Originating in the 1860s, New Zealand newspapers and other publishers began to print fiction and editorial cartoons containing racist caricatures and stereotypes of Māori. During the colonial era, early Pākehā cartoonists and columnists stereotyped all Māori as violent savages and later, "doltish but cunning figures unwilling to part with their land." At the turn of the 19th century, drawing on the polygenism of colonial New Zealand, this stereotype developed to portray the Māori people as, "a vanquished degenerate race", who "all go back to the pā in the long run".

In the 1910s–1930s, Pākehā novels and editorial cartoons (e.g. in the Observer (1914) and New Zealand Truth (1922)) continued to degrade the unassimilated Māori for their laziness, stupidity and cunning. During this period, published Pākehā folk humour, present in both fiction and cartoons, began to label unnamed Māori characters 'Hori'. By means of synecdoche, this resulted in the term Hori capturing the range of negative stereotypes ascribed to the Māori (e.g. poor, stupid, etc.), within fiction and public life, by the white majority at the time, eventually transforming the term into a universal racial slur.

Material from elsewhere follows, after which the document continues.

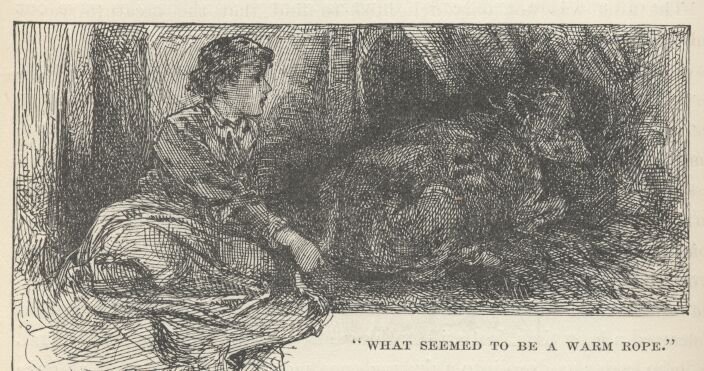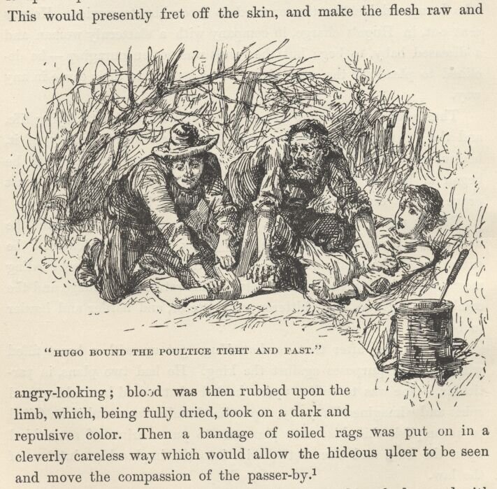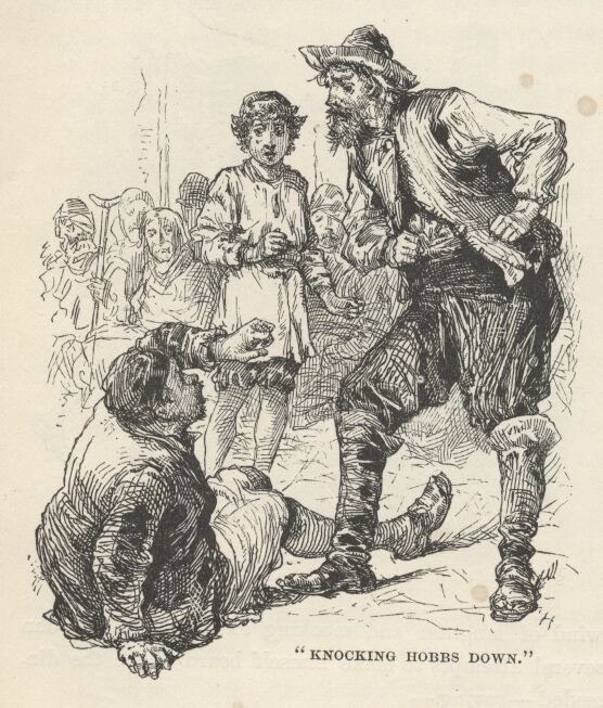 臓物横丁全体が、キャンティの家と同じような巣窟だった。酔っぱらい、暴動、喧嘩が毎晩、それもほとんど夜通し繰り広げられるのが常であった。その場所では、頭を割られることは飢えと同じくらい日常茶飯事だった。それでも、幼いトムは不幸ではなかった。彼は辛い目に遭っていたが、それを知らなかった。それは臓物横丁の少年たち誰もが送る暮らしであり、したがって彼はそれが当たり前で、快適なものだと思っていた。夜、手ぶらで家に帰れば、まず父親に罵られ、鞭打たれることを彼は知っていた。父親が終われば、今度は恐ろしい祖母が同じことを繰り返し、さらに輪をかけて打ちのめすだろう。そして夜更けになると、飢えた母親が、自分は腹を空かせて息子のためにとっておいた哀れな食べ残しやパンの耳を、こっそりと彼の元へ滑り込ませてくれるのだった。母親はそのような裏切り行為をしばしば夫に見つかり、ひどく殴られていたにもかかわらず。

For example, the white author and journalist Patrick Lawlor (1893–1979), in the 1920s–1930s, wrote three collections of short stories focused on multiple stereotypical 'Hori' characters: namely, Maori Tales: A Collection of over One Hundred Stories (1926), More Maori Tales: A Collection of over One Hundred New Stories (1927) and Still More Maori Tales: A Further Collection of over One Hundred Stories (1930). In the introduction of the first collection, Lawlor notes to the Pākehā reader that his main inspiration was the "guile and simplicity" of the Māori; and that the broken or Pidgin English spoken by 'Hori' is "suffice to supply the necessary 'atmosphere'..." of an authentic Māori character. The popularity of this genre of short stories helped to spread the racist "happy-go-lucky 'Hori' figure" and related stereotypes throughout New Zealand society. For instance, it popularised the stereotype that Māori men wore poorly fitting European clothing with bare feet, because of their slovenliness and stupidity.

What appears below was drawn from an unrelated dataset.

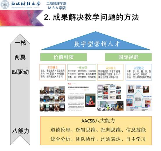 市场营销系基于九年的教学实践,结合市场营销中美合作办学项目——专业销售(Profession sales),向本次大会提交阐述了《AACSB核心能力视角下“一核双翼四驱”中美合作项目营销人才培养模式》(完成人:王建明、陈颖、王建国),荣获教学成果奖三等奖殊荣。

In the 1960s, Wingate Norman McCallum, a non-Māori author of Scottish heritage, published a successful series of stories under the pseudonym 'Hori'. In the series, the central character is a stereotypical Māori man also called 'Hori', who has comedic experiences with his "too-tired-to-work brother-in-law" at the expense of neighbouring Pākehā and traffic cops. In 1962, the stories were collected in The Half-Gallon Jar, with illustrations (or racist Māori caricatures) provided by Frank St. Bruno, and sold over "68,000 copies". The success of the first compendium led to three further collections: namely, Fill it up Again! (1964), Flagon Fun (1966) and Flagons of Fun: Selected Stories from Flagon Fun, Half Gallon Jar & Fill it up Again (1968). The series functioned to reinforce multiple racist conceptions and stereotypes held by the white population in New Zealand, such as that the group identifier 'Māori' and the racial epithet Hori were equivalent and interchangeable. In 1963, John Rangihau (1919–1987), a Māori leader of the Ngāi Tūhoe iwi and academic, wrote that the series upheld the Pākehā mindset that viewed "all Maoris as lazy and unpunctual". In the 1960s, Graham Latimer (1926–2016), a prominent Māori land rights activist and leader, remarked that racial perceptions of the Māori were greatly affected by the success of the 'Hori' paperbacks. According to Noel Harrison, Latimer's biographer, whilst "few people read the Hunn Report on the state of Maori in 1960, many thousands laughed at the character named Hori, who came to represent one persistent stereotype of Maori", highlighting the exploitative power of racist Hori imagery in fiction.

== Cultural identity ==
The term Hori, albeit still functioning as a slur definitionally and in broader public spheres, has to some degree been "reclaimed" by Māori youth and incorporated into the modern Māori cultural identity with a positive connotation. For example, multiple ethnographic studies, relating to urban education and racialisation in the New Zealand education system, found that although, "... others label... [Māori people] 'hori' in a negative way, ... [a Māori student] later uses it with pride to refer to behaviours associated with her own Māori culture". The term has largely shifted into a positive form of self-identification in the Māori youth cultural identity, as "the phrase has almost become a badge of honor".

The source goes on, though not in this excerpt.